3x-27/55÷x-9/15x my answer is =3(11x^2-4)/11x

is this correct.

It depends upon where you put the parentheses in the question.

there is no parentheses in the math problem

But when you type out the expression on a single line, you need paretheses to define the order of operation.

There are many ways a person could interpret what you have typed, and all give different answers.

Two possibilites would be
3x - (27/25) /[(x-9)/15x]
and
[(3x-27)/55] / [x-(9/15x)]

To check if your answer is correct, we can simplify the expression step by step.

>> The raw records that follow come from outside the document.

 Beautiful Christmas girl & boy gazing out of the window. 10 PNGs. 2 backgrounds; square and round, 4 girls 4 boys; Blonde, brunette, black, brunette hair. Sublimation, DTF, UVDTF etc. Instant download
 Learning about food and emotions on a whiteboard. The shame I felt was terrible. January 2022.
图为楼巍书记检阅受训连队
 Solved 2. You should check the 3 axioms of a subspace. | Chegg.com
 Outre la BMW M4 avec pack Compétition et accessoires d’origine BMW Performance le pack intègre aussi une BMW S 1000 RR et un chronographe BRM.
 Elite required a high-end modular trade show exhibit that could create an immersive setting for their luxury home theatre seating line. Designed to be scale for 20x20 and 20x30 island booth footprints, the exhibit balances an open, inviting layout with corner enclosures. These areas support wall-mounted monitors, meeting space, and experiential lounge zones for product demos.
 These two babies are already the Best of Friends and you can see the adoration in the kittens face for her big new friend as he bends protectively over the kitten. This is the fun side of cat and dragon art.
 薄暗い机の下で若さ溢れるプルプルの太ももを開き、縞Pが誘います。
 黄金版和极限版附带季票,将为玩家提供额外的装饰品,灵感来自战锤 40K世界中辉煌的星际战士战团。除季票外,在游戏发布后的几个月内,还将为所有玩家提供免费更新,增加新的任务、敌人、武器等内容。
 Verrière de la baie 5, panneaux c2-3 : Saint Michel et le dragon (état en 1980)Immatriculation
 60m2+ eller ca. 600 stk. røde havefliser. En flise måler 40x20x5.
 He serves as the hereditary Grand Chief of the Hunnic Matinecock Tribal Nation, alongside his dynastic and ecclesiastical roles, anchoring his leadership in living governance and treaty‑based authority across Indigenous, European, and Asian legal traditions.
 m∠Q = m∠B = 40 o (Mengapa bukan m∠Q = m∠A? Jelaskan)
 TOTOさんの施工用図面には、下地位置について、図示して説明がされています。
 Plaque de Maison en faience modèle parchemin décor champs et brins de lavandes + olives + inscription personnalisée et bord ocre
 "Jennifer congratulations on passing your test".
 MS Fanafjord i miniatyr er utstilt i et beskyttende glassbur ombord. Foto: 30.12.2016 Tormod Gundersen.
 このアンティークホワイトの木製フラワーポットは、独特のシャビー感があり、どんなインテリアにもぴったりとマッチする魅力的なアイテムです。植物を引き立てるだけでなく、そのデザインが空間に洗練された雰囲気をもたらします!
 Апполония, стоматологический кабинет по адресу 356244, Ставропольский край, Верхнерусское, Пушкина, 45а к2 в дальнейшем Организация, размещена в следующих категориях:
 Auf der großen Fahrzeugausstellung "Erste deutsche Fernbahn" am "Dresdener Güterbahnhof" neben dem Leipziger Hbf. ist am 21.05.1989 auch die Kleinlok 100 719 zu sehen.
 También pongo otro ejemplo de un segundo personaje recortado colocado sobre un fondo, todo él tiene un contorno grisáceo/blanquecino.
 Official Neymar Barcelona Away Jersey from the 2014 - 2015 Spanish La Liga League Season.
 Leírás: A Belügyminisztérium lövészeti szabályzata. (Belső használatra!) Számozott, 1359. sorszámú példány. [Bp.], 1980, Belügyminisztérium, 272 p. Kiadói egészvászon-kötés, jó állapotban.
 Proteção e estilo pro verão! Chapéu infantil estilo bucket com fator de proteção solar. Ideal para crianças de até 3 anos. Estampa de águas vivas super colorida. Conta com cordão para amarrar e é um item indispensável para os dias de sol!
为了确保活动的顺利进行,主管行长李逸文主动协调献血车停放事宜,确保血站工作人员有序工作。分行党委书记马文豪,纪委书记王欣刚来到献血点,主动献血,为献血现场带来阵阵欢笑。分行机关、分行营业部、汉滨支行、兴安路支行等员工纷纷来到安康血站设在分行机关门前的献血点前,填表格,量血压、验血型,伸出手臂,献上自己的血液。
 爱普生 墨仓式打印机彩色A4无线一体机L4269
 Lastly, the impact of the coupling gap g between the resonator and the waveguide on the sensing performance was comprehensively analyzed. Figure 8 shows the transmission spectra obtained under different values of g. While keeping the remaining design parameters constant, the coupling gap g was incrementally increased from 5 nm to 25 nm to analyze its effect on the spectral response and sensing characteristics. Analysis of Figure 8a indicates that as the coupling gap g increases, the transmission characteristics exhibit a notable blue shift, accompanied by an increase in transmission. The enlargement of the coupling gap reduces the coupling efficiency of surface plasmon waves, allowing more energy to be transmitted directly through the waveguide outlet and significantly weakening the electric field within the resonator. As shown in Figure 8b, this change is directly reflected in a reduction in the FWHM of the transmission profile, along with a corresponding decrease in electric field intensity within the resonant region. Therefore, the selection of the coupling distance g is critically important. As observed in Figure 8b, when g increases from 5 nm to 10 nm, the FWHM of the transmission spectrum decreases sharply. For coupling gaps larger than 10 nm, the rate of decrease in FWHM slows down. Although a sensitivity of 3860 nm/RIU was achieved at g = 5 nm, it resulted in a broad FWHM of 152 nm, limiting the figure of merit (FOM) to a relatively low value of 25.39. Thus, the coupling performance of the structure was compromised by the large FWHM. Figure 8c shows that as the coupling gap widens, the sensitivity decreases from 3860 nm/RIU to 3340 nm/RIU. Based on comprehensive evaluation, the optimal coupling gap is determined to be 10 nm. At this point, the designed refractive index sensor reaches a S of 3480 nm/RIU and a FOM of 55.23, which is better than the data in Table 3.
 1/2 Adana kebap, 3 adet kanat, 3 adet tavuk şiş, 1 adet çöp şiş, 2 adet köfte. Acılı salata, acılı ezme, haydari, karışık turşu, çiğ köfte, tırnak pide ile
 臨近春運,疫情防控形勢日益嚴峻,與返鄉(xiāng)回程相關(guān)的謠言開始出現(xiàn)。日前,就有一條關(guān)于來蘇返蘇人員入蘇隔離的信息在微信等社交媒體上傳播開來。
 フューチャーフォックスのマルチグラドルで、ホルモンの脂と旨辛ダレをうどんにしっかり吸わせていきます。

Given expression: 3x - 27/55 ÷ x - 9/15x

Step 1: Simplify the division
To simplify the expression, we need to find the reciprocal of the second fraction and multiply it with the first fraction.

3x - 27/55 ÷ x - 9/15x
= 3x - 27/55 * 1/x - 9/15x

Multiplying fractions:
= 3x - 27/55 * 1/x - 9/(15 * x)
= 3x - 27/55x - 9/15x

Step 2: Find the common denominator
To combine the two fractions, we need to find the least common denominator (LCD). The LCD for 55x and 15x is 165x.

= (3x * 165x - 27 * 3x - 9 * 11x) / [55x * 165x]
= (495x^2 - 81x - 99x) / 9075x^2
= (495x^2 - 180x) / 9075x^2
= 15x(33x - 12) / 225(x^2)
= 5x(11x - 4)/ 75(x^2)

So the simplified expression is 5x(11x - 4)/75(x^2).

Your answer, 3(11x^2 - 4)/11x, is not correct. The correct simplified expression is 5x(11x - 4)/75(x^2).